**The task**
Reproduce the whole listing exactly and let no picture into the copy.

**Listed records**

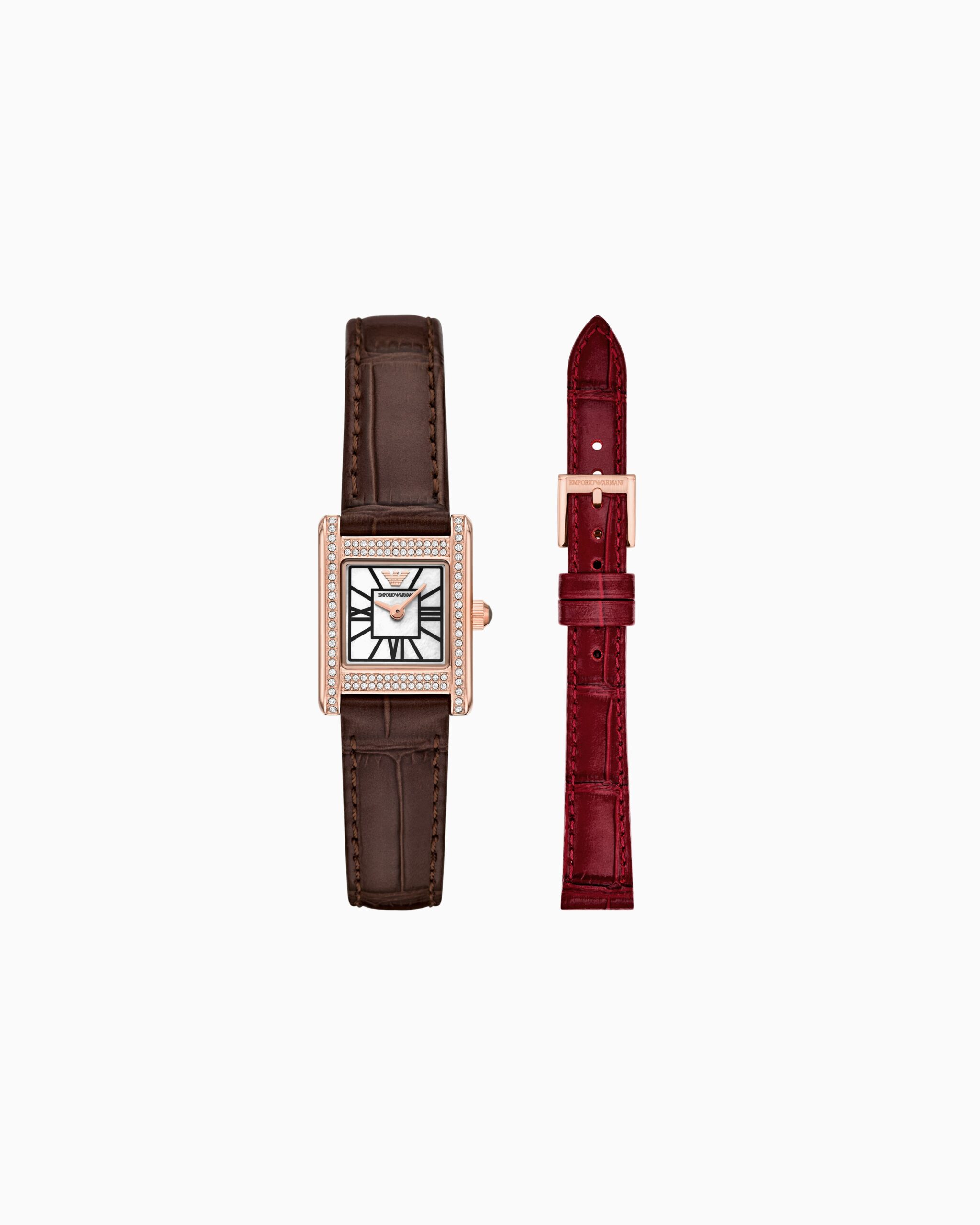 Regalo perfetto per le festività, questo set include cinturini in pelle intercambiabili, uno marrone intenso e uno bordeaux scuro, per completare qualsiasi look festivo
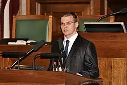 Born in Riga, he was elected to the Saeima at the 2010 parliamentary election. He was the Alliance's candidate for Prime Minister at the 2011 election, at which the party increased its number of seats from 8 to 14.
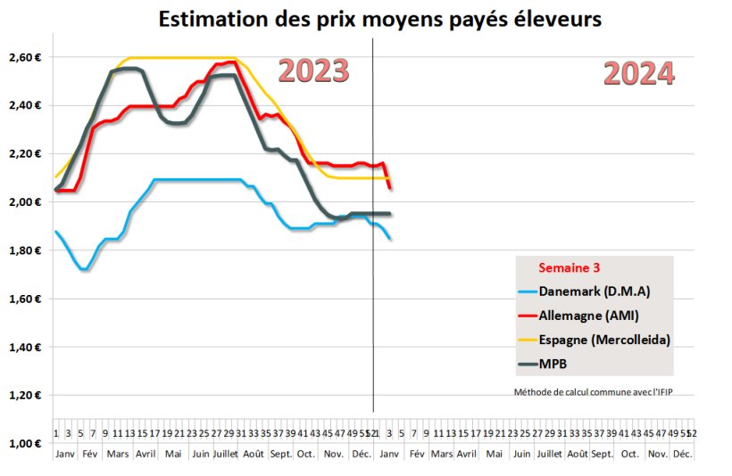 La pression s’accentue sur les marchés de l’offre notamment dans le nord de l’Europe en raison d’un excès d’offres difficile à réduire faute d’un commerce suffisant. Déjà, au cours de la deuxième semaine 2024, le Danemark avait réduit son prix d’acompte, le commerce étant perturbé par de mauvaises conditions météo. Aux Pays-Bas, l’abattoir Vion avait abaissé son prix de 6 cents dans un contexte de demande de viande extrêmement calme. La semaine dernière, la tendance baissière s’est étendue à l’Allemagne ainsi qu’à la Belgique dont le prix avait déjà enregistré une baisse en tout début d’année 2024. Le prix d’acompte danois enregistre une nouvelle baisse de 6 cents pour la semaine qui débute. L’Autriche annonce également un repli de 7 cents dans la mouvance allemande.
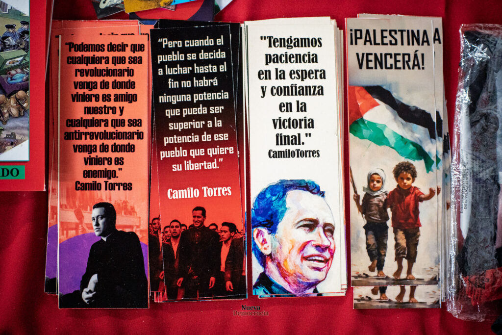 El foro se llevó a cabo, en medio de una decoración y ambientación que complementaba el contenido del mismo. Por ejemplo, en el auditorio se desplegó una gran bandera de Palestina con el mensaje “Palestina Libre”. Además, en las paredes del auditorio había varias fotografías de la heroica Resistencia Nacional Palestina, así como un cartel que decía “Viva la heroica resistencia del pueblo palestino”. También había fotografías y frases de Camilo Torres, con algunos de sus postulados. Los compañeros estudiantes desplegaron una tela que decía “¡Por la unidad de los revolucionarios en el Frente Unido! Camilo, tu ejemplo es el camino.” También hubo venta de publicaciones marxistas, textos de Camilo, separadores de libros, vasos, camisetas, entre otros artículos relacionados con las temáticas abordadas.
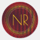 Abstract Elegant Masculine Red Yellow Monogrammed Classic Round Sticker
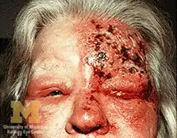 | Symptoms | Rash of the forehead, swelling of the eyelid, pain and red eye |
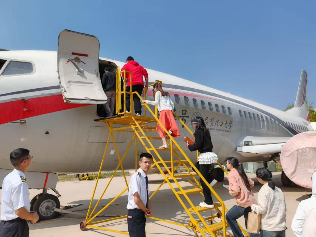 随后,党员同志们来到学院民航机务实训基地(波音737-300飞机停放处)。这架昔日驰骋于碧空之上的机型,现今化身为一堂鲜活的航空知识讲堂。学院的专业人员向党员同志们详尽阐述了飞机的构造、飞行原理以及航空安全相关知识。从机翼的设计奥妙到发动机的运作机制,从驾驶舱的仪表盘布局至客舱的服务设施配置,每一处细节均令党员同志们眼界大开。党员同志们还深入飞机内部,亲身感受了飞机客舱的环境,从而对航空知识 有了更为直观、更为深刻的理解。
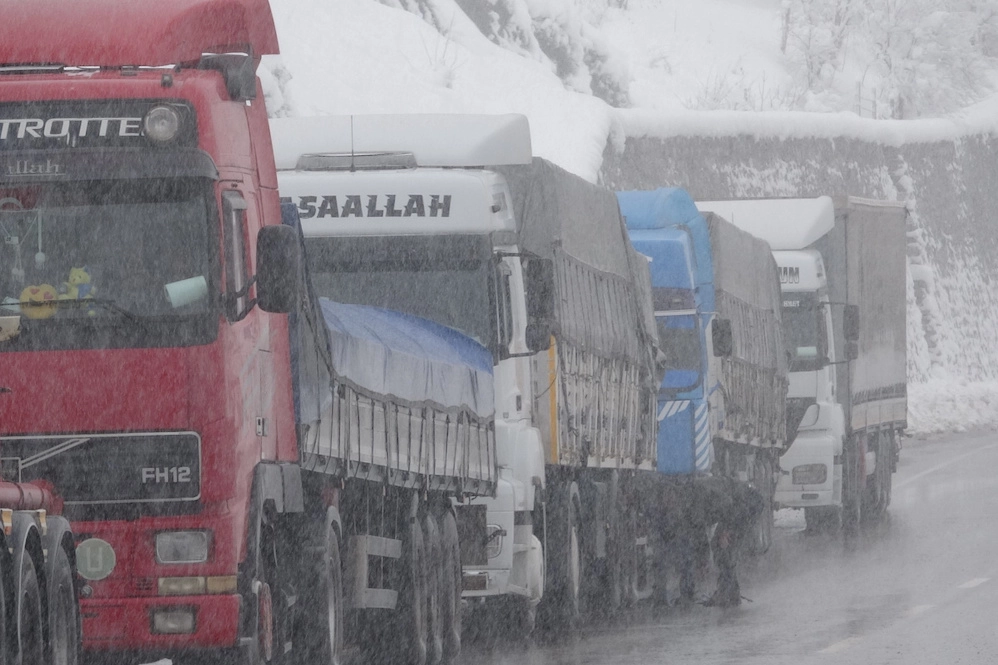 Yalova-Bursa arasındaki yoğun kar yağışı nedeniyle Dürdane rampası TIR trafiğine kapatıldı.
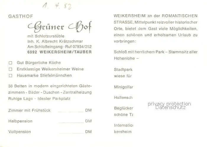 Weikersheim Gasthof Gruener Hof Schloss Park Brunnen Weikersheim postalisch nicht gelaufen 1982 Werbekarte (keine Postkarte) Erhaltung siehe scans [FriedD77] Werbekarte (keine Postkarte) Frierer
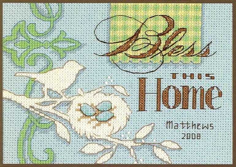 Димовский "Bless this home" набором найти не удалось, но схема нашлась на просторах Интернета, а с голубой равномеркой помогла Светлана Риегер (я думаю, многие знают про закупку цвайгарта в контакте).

**Answer**
 Regalo perfetto per le festività, questo set include cinturini in pelle intercambiabili, uno marrone intenso e uno bordeaux scuro, per completare qualsiasi look festivo
 Born in Riga, he was elected to the Saeima at the 2010 parliamentary election. He was the Alliance's candidate for Prime Minister at the 2011 election, at which the party increased its number of seats from 8 to 14.
 La pression s’accentue sur les marchés de l’offre notamment dans le nord de l’Europe en raison d’un excès d’offres difficile à réduire faute d’un commerce suffisant. Déjà, au cours de la deuxième semaine 2024, le Danemark avait réduit son prix d’acompte, le commerce étant perturbé par de mauvaises conditions météo. Aux Pays-Bas, l’abattoir Vion avait abaissé son prix de 6 cents dans un contexte de demande de viande extrêmement calme. La semaine dernière, la tendance baissière s’est étendue à l’Allemagne ainsi qu’à la Belgique dont le prix avait déjà enregistré une baisse en tout début d’année 2024. Le prix d’acompte danois enregistre une nouvelle baisse de 6 cents pour la semaine qui débute. L’Autriche annonce également un repli de 7 cents dans la mouvance allemande.
 El foro se llevó a cabo, en medio de una decoración y ambientación que complementaba el contenido del mismo. Por ejemplo, en el auditorio se desplegó una gran bandera de Palestina con el mensaje “Palestina Libre”. Además, en las paredes del auditorio había varias fotografías de la heroica Resistencia Nacional Palestina, así como un cartel que decía “Viva la heroica resistencia del pueblo palestino”. También había fotografías y frases de Camilo Torres, con algunos de sus postulados. Los compañeros estudiantes desplegaron una tela que decía “¡Por la unidad de los revolucionarios en el Frente Unido! Camilo, tu ejemplo es el camino.” También hubo venta de publicaciones marxistas, textos de Camilo, separadores de libros, vasos, camisetas, entre otros artículos relacionados con las temáticas abordadas.
 Abstract Elegant Masculine Red Yellow Monogrammed Classic Round Sticker
 | Symptoms | Rash of the forehead, swelling of the eyelid, pain and red eye |
 随后,党员同志们来到学院民航机务实训基地(波音737-300飞机停放处)。这架昔日驰骋于碧空之上的机型,现今化身为一堂鲜活的航空知识讲堂。学院的专业人员向党员同志们详尽阐述了飞机的构造、飞行原理以及航空安全相关知识。从机翼的设计奥妙到发动机的运作机制,从驾驶舱的仪表盘布局至客舱的服务设施配置,每一处细节均令党员同志们眼界大开。党员同志们还深入飞机内部,亲身感受了飞机客舱的环境,从而对航空知识 有了更为直观、更为深刻的理解。
 Yalova-Bursa arasındaki yoğun kar yağışı nedeniyle Dürdane rampası TIR trafiğine kapatıldı.
 Weikersheim Gasthof Gruener Hof Schloss Park Brunnen Weikersheim postalisch nicht gelaufen 1982 Werbekarte (keine Postkarte) Erhaltung siehe scans [FriedD77] Werbekarte (keine Postkarte) Frierer
 Димовский "Bless this home" набором найти не удалось, но схема нашлась на просторах Интернета, а с голубой равномеркой помогла Светлана Риегер (я думаю, многие знают про закупку цвайгарта в контакте).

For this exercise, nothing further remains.